Go through the data and copy each line where the string "röka" appears.

─── Data shown

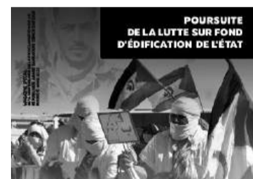
POURSUITE DE LA LUTTE SUR FOND D'ÉDIFICATION DE L'ÉTAT

Dans une lettre adressée au roi du Maroc en juillet, le président français Emmanuel Macron avait affirmé considérer que "le présent et l'avenir du Sahara occidental s'inscrivent dans le cadre de la souveraineté
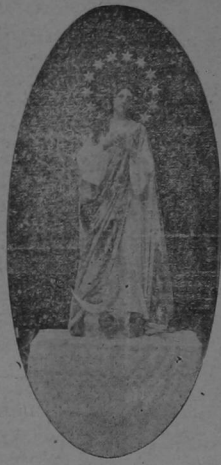
Imágenes traídas por el templo de la Dolorosa y bendecidas en días pasados, con motivo de lo cual se celebró una bella y hermosa fiesta religiosa en aquella Iglesia.
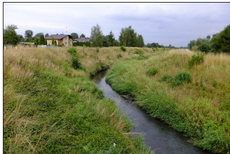
Fot. 11 Gostynia, widok w kierunku wschodnim
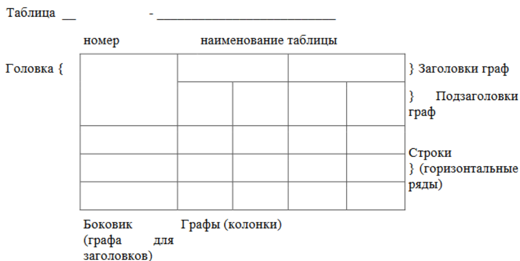
Рисунок 2 – Макет таблицы

После таблицы должно быть оставлено не менее одной свободной строки.
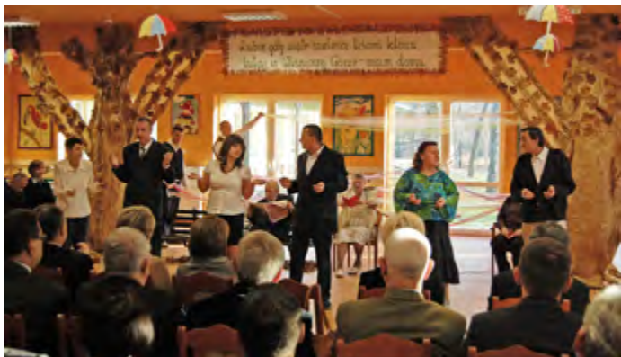
Program artystyczny w wykonaniu mieszkańców podczas uroczystego otwarcia DPS.
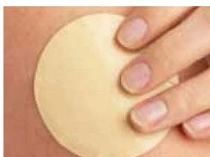
Få gravida i denna brittiska studie slutade röka med hjälp av nikotinplåster.

Primärt effektmått var andelen kvinnor som slutat röka vid barnets födsel, vilket undersöktes genom att halterna av kotinin mättes. Det innebär således att uppgift om rökstopp inte baserades på deltagarnas egen utsägo. Andelen som lyckats sluta röka visade sig vara
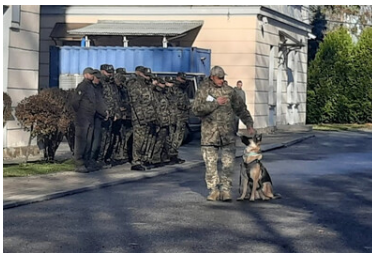
Psy saperskie znów pojadą do Ukrainy
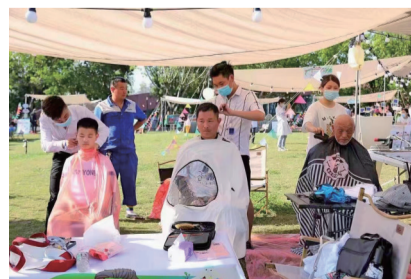
居民享受理发服务。
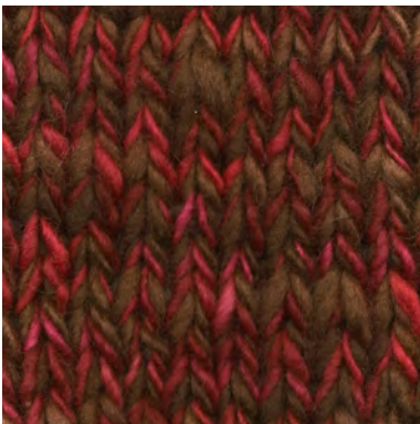
MCL-2247 / MCL-6422
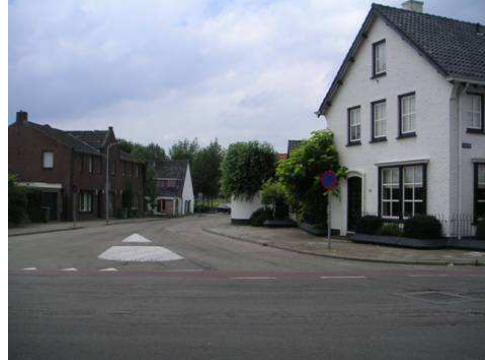
Beekpoort met aanzet richting Hushoverweg
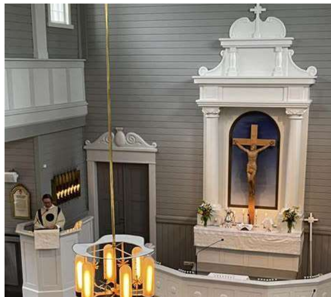
Sammaljoen kirkon alttarialue. Ilmari Launis 1924. Kirkkotilan seinäpanelointi on liki identtinen vuotta myöhemmin suunnitellun Kustaa Aadolfin kirkon seinäpaneloinnin kanssa.

Ilmari Launis maalasi myös alttaritauluja ja lasimaalauksia, varsinkin nuorena arkkitehtina. Hän maalasi mm. Luvian kirkon alttaritaulun vuonna 1912.
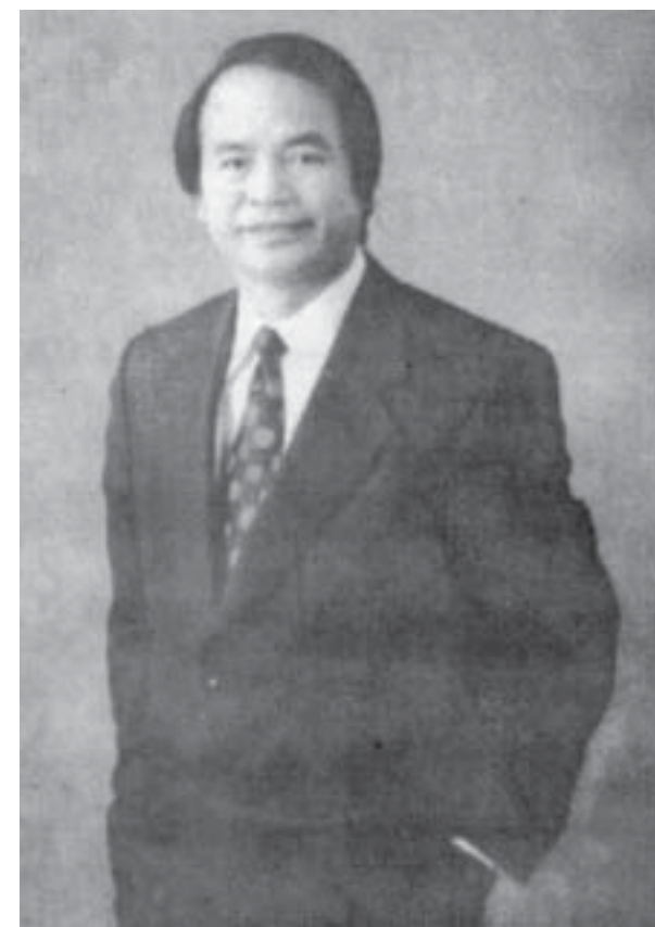
Real Estate Broker Investment Strategist

CHUYÊN MUA BÁN CÁC CƠ SỞ THƯƠNG MẠI TOÀN TIỂU BANG CALIFORNIA
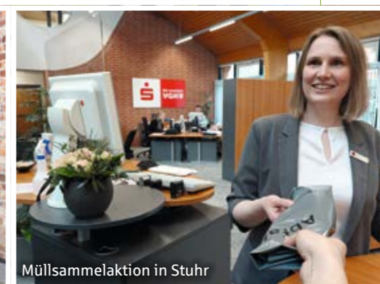
Müllsammelaktion in Stuhr

──────

**Result for this exercise**.
Få gravida i denna brittiska studie slutade röka med hjälp av nikotinplåster.
Primärt effektmått var andelen kvinnor som slutat röka vid barnets födsel, vilket undersöktes genom att halterna av kotinin mättes. Det innebär således att uppgift om rökstopp inte baserades på deltagarnas egen utsägo. Andelen som lyckats sluta röka visade sig vara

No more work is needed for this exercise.